The NoSQL database is distributed scale-out technology. They use distributed node sets, called clusters, to provide a highly resilient extension that allows users to add nodes to dynamically process the load.
Distributed horizontal scaling is usually cheaper than the vertical approach. The licensing costs of business relational databases are daunting, as their prices are calculated on a per-server basis. On the other hand, the NoSQL database is usually open source technology, charging according to the server cluster running, and the price is relatively cheap.
NoSQL is the key to flexibility
Relational and NoSQL data models vary greatly. Relational mode gets the data and assigns the data to many interrelated tables, which are applied to each other through foreign keys.
When a user needs to run a query on a dataset, the information needs to be collected from multiple tables (typically involving hundreds of enterprise applications), combined with this information, and then provided to the application. Similarly, when you write data, you need to reconcile and execute writes across multiple tables. Relational databases are typically able to capture and store information when the data is relatively low and data flows to the database at a slower rate. However, today's applications often require fast writing (and reading) of massive amounts of data.
The NoSQL database takes a very different pattern. At its core, the NoSQL database is actually "Norel", or not a relational type, which means that they do not rely on tables and the relationships between tables to store and organize information. For example, a document-oriented NoSQL database takes the data you want to store and integrates it into the document in JSON format. Each JSON document can be treated as an object by your application. JSON documents can extract data spanning 25 of tables and integrate data into a single document.
Aggregating this information can result in duplication of information, but since storage is no longer a cost issue, the flexibility of the data model, the simplicity of the document produced by the publication, and the increased read and write performance make this a good choice.
NoSQL is the key to large data applications
Data is becoming easier to capture and access through third parties, including social media sites. These data include: personal user information, geographic data, user-generated content, machine-recorded data, and data produced by the sensor. Organizations can also rely on large data to drive their mission-critical applications. At the same time, companies are moving to the NoSQL database, which is ideal for new types of data.

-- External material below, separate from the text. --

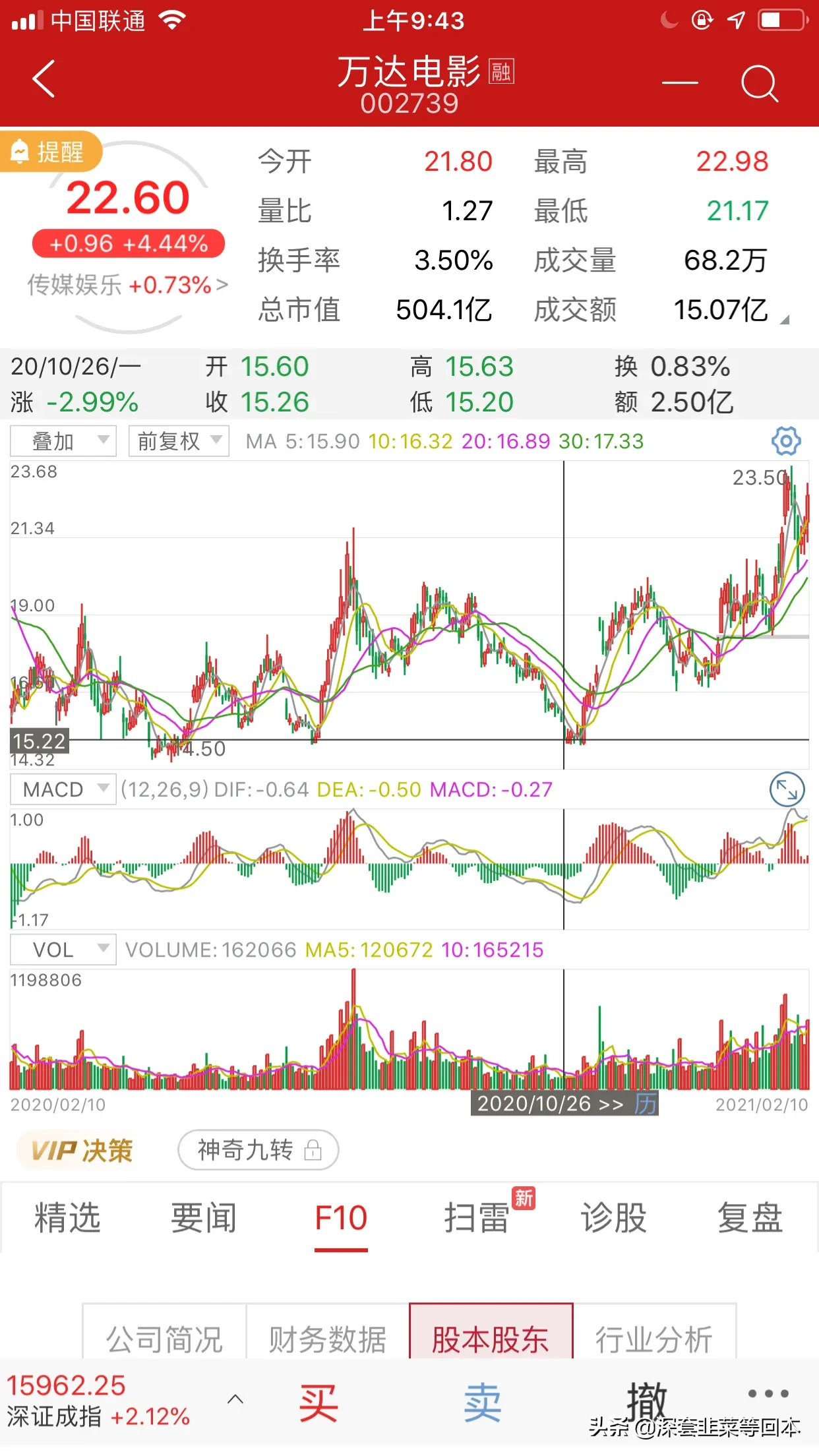 高毅资产2020.10.26入股1.07亿股万达电影成第三大股东,抄底时机真的精准10.26日收盘价15.25元,从最高价92元跌到现在22.6元,现在都说基金抱团高位股,动员散户基民拥抱高位50茅龙头概念股,我看这个进场时机明明时抄底嘛,而且是在影院股业绩巨额亏损时买入的,这时的影视股难道不算是垃圾股吗?

Developers want a flexible database that can easily adapt to new data types and will not be affected by changes in the content structure of third-party data vendors. Most new data is unstructured and semi-structured, so developers need a database that can effectively store the data. However, relational databases adopt a rigidly defined, model-based approach that makes it impossible to quickly integrate new data types and is not suited to unstructured and semi-structured data.
Overall, industry needs to be able to provide scalable and flexible database technology to manage and access data as Web and mobile applications grow, new trends, changes in consumer behavior on the web, and new data types emerge. NoSQL technology is the only viable solution to meet these needs effectively.